[Data extracted from a collection]
══════════════════════════════

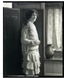
Negative of women standing (2002.21.238)
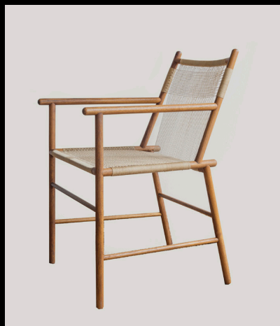
GALERIE MANIERA Bijoy Jain
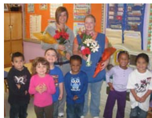
Norborne Day Care Center
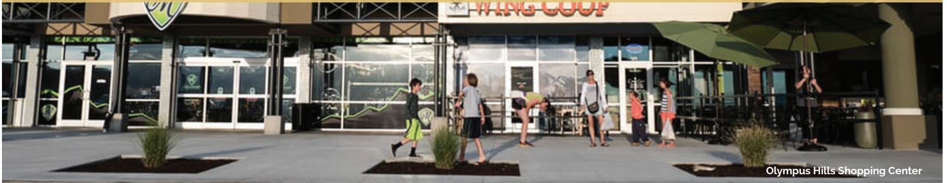
Olympus Hills Shopping Center

"MILLCREEK'S ECONOMIC DIVERSITY THRIVES BY BEING INVITING, SUPPORTING LOCAL BUSINESSES, ATTRACTING AN INNOVATIVE AND ADAPTIVE WORKFORCE, INVESTING IN AMENITIES THAT PROMOTE A BETTER QUALITY OF LIFE, AND ENCOURAGING A RANGE OF BUSINESS SIZES AND TYPES."
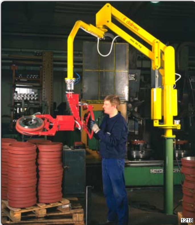
PMC type Partner manipulator, column mounted, with pneumatic tooling for picking mechanical components and manually rotating them through 180°, for use on a machining centre. Manipulator Partner PMC, 支柱式, 配备气动工具, 用于抓取机械元件, 并手动旋转180度, 并将之放在加工机器中心。
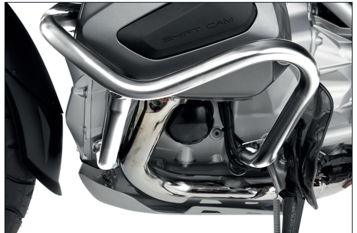
...and in stainless steel, glass bead blasted and electro polished... Item No.: 26442-000
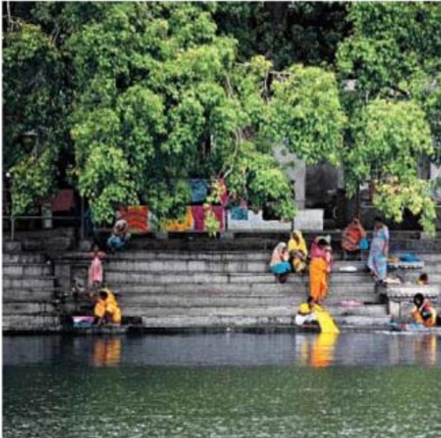
Full spectrum: (clockwise from main) temples in Jaisalmer; the River Ganges; Palace On Wheels luxury train; the Lake Palace, Udaipur; Jodhpur
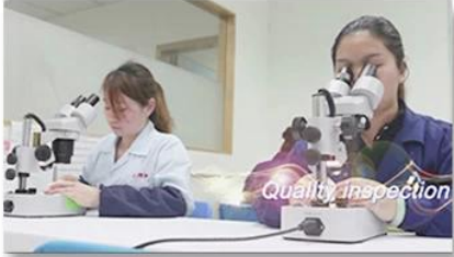
4. Quality inspection
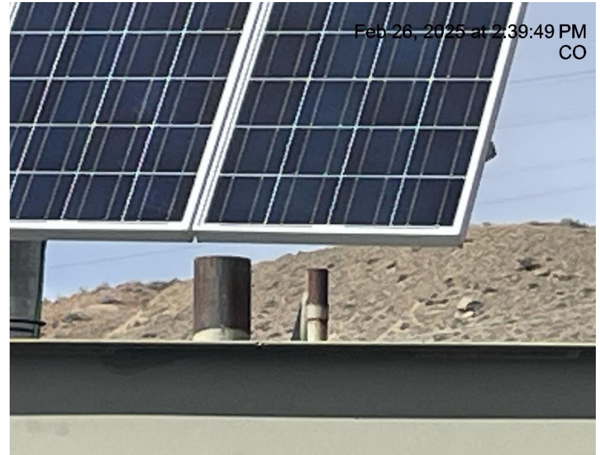
Photo # 9719 PRV vent line does not comply with CECMC pressure safety device rules

══════════════════════════════

--- Your instructions ---
Go through the entries above, and wherever a line holds the word "Center", copy that line.

--- Expected output ---
Norborne Day Care Center
Olympus Hills Shopping Center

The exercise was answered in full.